== DATASET SECTION ==

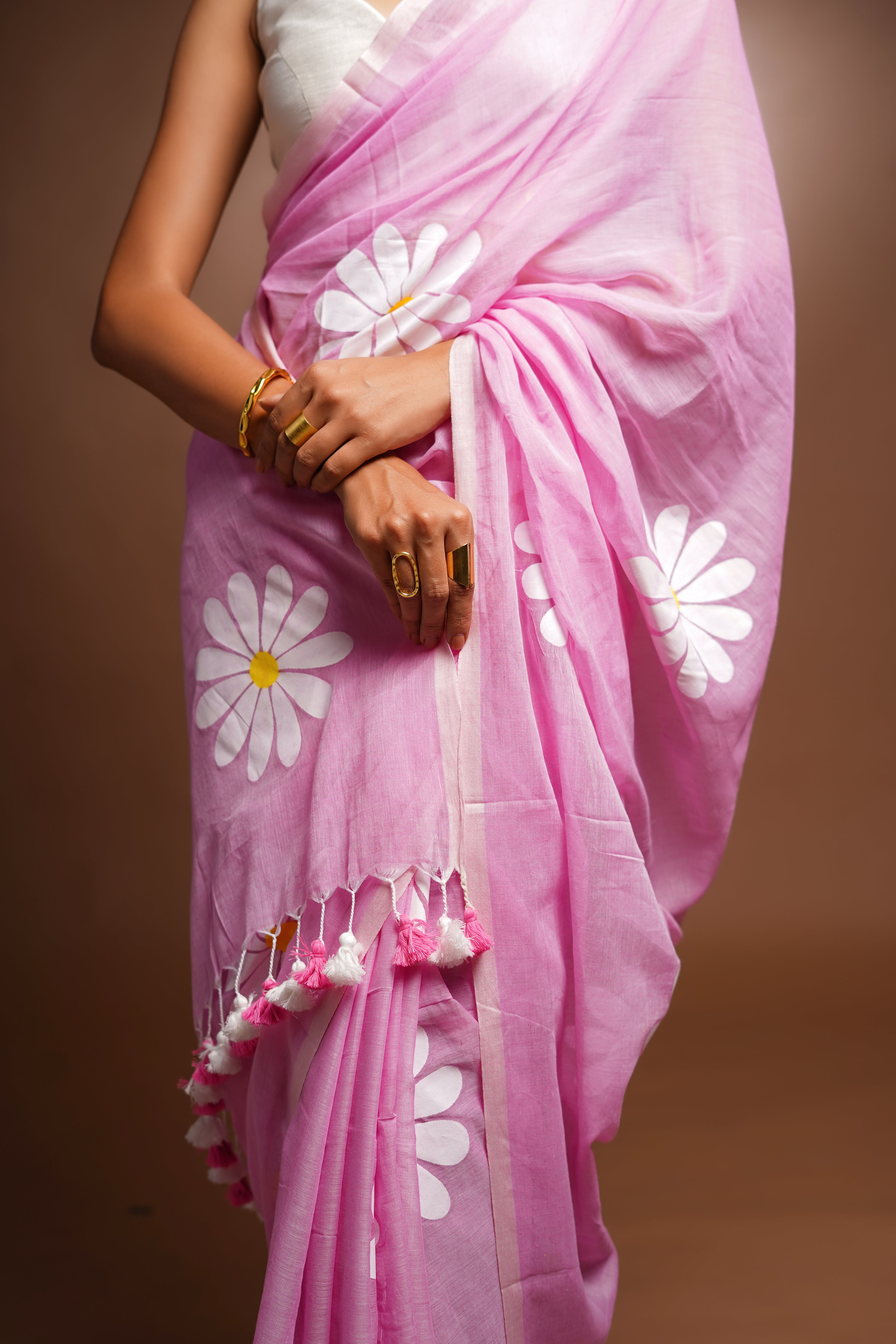 Handpainted original mul cotton saree with handmade tassels on the pallu. Very soft and light weight sarees with floral designs painted by hands. This saree does NOT have a blouse piece.
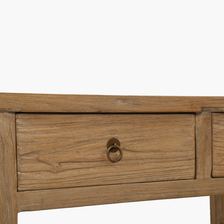 York masif ahşap konsol, kompakt tasarımı ve zarif detaylarıyla öne çıkar. İki çekmecesiyle hem estetik hem de pratik bir depolama çözümü sunar. Doğal ahşap dokusuyla sıcak bir atmosfer yaratan bu konsol, hem modern hem de klasik dekorasyon tarzlarına uyum sağlar. Şık halkalı çekmece kulpları, sade tasarımı tamamlayan şık bir dokunuş sunar.
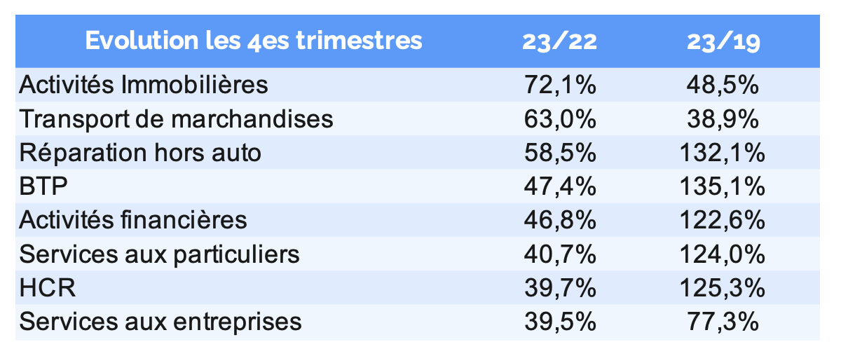 Les activités finance/assurance, immobilières et informatiques connaissaient les évolutions les moins favorables entre +40 et +46 % au regard de 2022, vs en moyenne 36 %. Ces évolutions défavorables sont aussi fréquentes si l’on compare 2019 à 2023.Ces évolutions défavorables ont 3 types d’origine : soit un secteur en difficulté conjoncturelle (BTP et immobilier, finance), soit un secteur en forte évolution (informatique), soit un secteur en habituelle situation de défaillance (HCR, qui plus est en forte reprise depuis le covid).
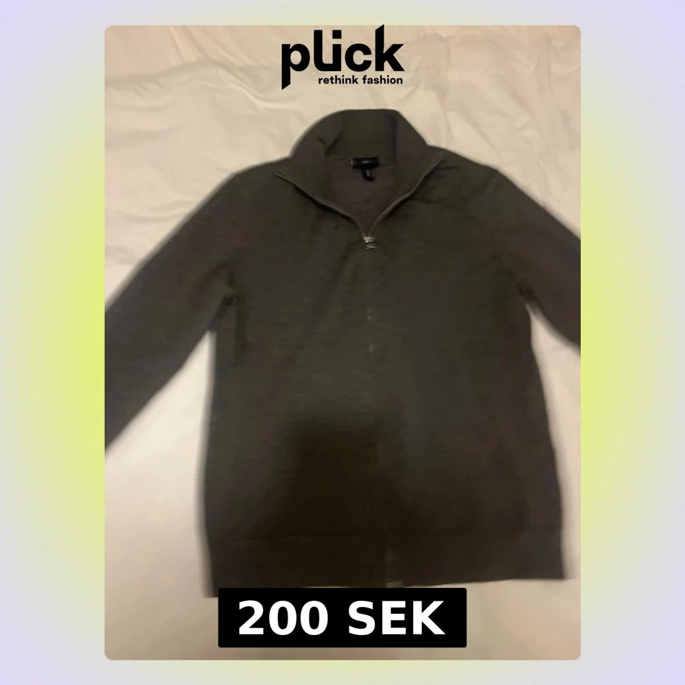 Mörkgrå ziptröja från H&M med hög krage och hel dragkedja framtill. Tröjan har långa ärmar och ribbade muddar vid ärmslut och nederkant. Tillverkad i mjukt och tunt material, perfekt för lager på lager.

===

The whole listing must be transcribed exactly. No pictures belong in the copy.

### WRITTEN RESPONSE:
 Handpainted original mul cotton saree with handmade tassels on the pallu. Very soft and light weight sarees with floral designs painted by hands. This saree does NOT have a blouse piece.
 York masif ahşap konsol, kompakt tasarımı ve zarif detaylarıyla öne çıkar. İki çekmecesiyle hem estetik hem de pratik bir depolama çözümü sunar. Doğal ahşap dokusuyla sıcak bir atmosfer yaratan bu konsol, hem modern hem de klasik dekorasyon tarzlarına uyum sağlar. Şık halkalı çekmece kulpları, sade tasarımı tamamlayan şık bir dokunuş sunar.
 Les activités finance/assurance, immobilières et informatiques connaissaient les évolutions les moins favorables entre +40 et +46 % au regard de 2022, vs en moyenne 36 %. Ces évolutions défavorables sont aussi fréquentes si l’on compare 2019 à 2023.Ces évolutions défavorables ont 3 types d’origine : soit un secteur en difficulté conjoncturelle (BTP et immobilier, finance), soit un secteur en forte évolution (informatique), soit un secteur en habituelle situation de défaillance (HCR, qui plus est en forte reprise depuis le covid).
 Mörkgrå ziptröja från H&M med hög krage och hel dragkedja framtill. Tröjan har långa ärmar och ribbade muddar vid ärmslut och nederkant. Tillverkad i mjukt och tunt material, perfekt för lager på lager.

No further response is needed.